Mic Tyson has been delayed for so long, it threatened to drift into mythical territory with The Lochness Monster, Detox and an Outkast reunion. There were moments when Price seemed genuinely disinterested with industry bullshit, the lack of fan support (read: record buying) and all of the things about the music biz except for one thing: the music. Mic Tyson is a kidney punch to all of the peripheral elements that exist beyond the 1′s and 2′s. Beats and bars. Period.

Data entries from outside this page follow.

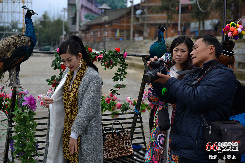 榕江萨玛节期间,民族歌舞展演让游人零距离享受了视听盛宴,而节日活动现场的流动照相馆却吸引了我的眼球。商贩带着两只活孔雀作为拍照的道具,有人来照相,会给客人打扮一番,跟孔雀留影,吸引了不少爱美女士的光顾。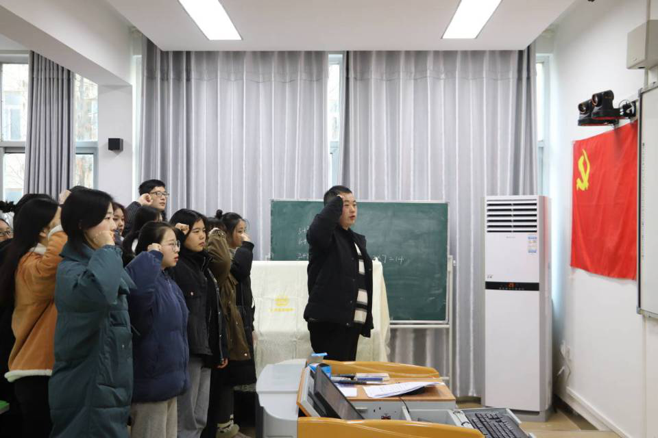 宣誓仪式在雄壮的《国际歌》中拉开帷幕,15名预备党员在党小组长刘莅原的领誓下面向党旗进行庄严宣誓,预备党员代表来桂玲、入党积极分子代表刘灵萱分别作出发言。来桂玲结合自己入党过程中的经历讲述了自身思想的转变,刘灵萱则表达了作为入党积极分子,要努力学习党的理论知识,积极向党组织靠拢,争取早日加入党组织。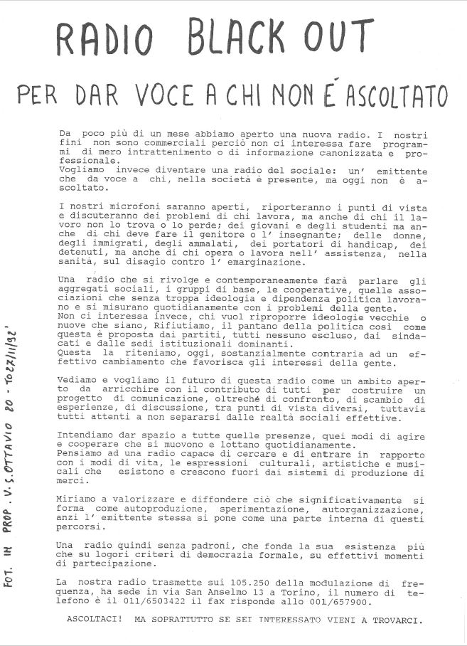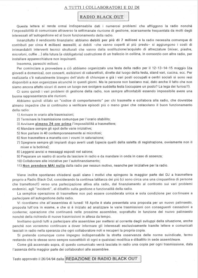 Sfoglia “Radio Black Out – Fascicolo dibattito interno 1993/1995” e “Incontro radio antagoniste – 19 febbraio 1995“: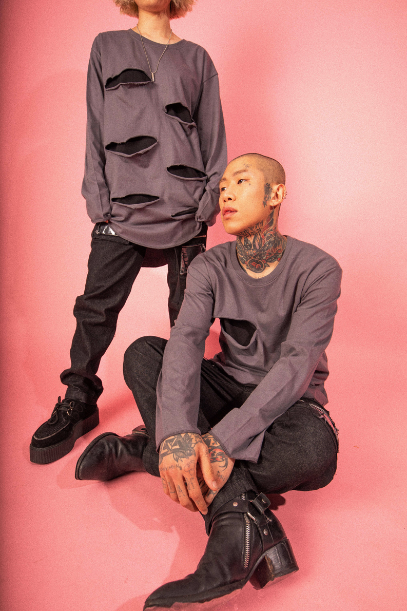 [LTCK] Destroyed Long Sleeve - CHARCOAL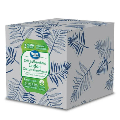 Great Value, Facial Tissues with lotion, 65 tissues per box, 3Ply, 65 Tissues in total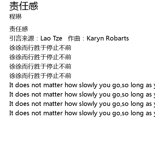 | 引言来源:Lao Tze 作曲:Karyn Robarts | |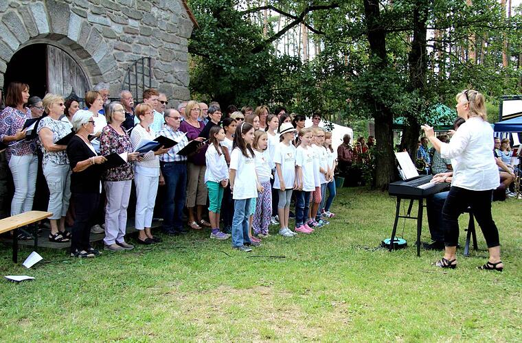 In ihrer Ansprache erinnerte die Vorsitzende an den verstorbenen Adam Gumbmann, dem die Großenseebacher diesen idyllischen Ort zu verdanken haben und der in früheren Jahren an jeder Kapellenkirchweih teilnahm. So war es der Wunsch der Familie Gumbmann, die Kapelle mit Leben zu erfüllen. Dies war dann für den Gesangverein Cäcilia Anlass, seit 1979 hier die Kapellenkirchweih auszurichten. Inzwischen ist es eine feste Einrichtung geworden, an einem Sonntag im Juli dort zusammenzukommen, miteinander fröhlich einen ökumenischen Gottesdienst zu halten und danach vergnügt beieinander zu sitzen. All dieses inmitten von saftigen Wiesen, springenden Karpfen und erntereifem Getreide. Es ist eine Kirchweih besonderer Art - ohne laute, schrille Festmusik, die das Aufeinanderhören unmöglich macht.

There are no production histrionics on this. No snare drums, no synth and absolutely nothing to make you want to dance. That’s by design. Decepticon Sean don’t dance and neither will you, but there is a subtle, head-nodding vibe that does not obstruct P from getting off on the mic. Also absent from the album are songwriting, hooks or anything else presumably pretty about Hip-Hop. No double-timed flows, and no R&B crooners. It’s about as base and stripped down as a modern rap album can be. Does that detract from its merit? Emphatically hell no. The bars on this album is astounding. No words are wasted and each stanza is packed with a motley melding of reference, connectivity, malice and humor. There is no attempt to crossover; if you don’t get it, it’s not for you.
“Genesis of the Omega” opens with a grizzly drum and low-level frenetic atmospherics that keep you engaged music. “My flow tight like your pants are,” gives you a clue to what “”Bar-barians” is about, as P busts shots, slaps rappers and takes them to task for banging online but not in the street.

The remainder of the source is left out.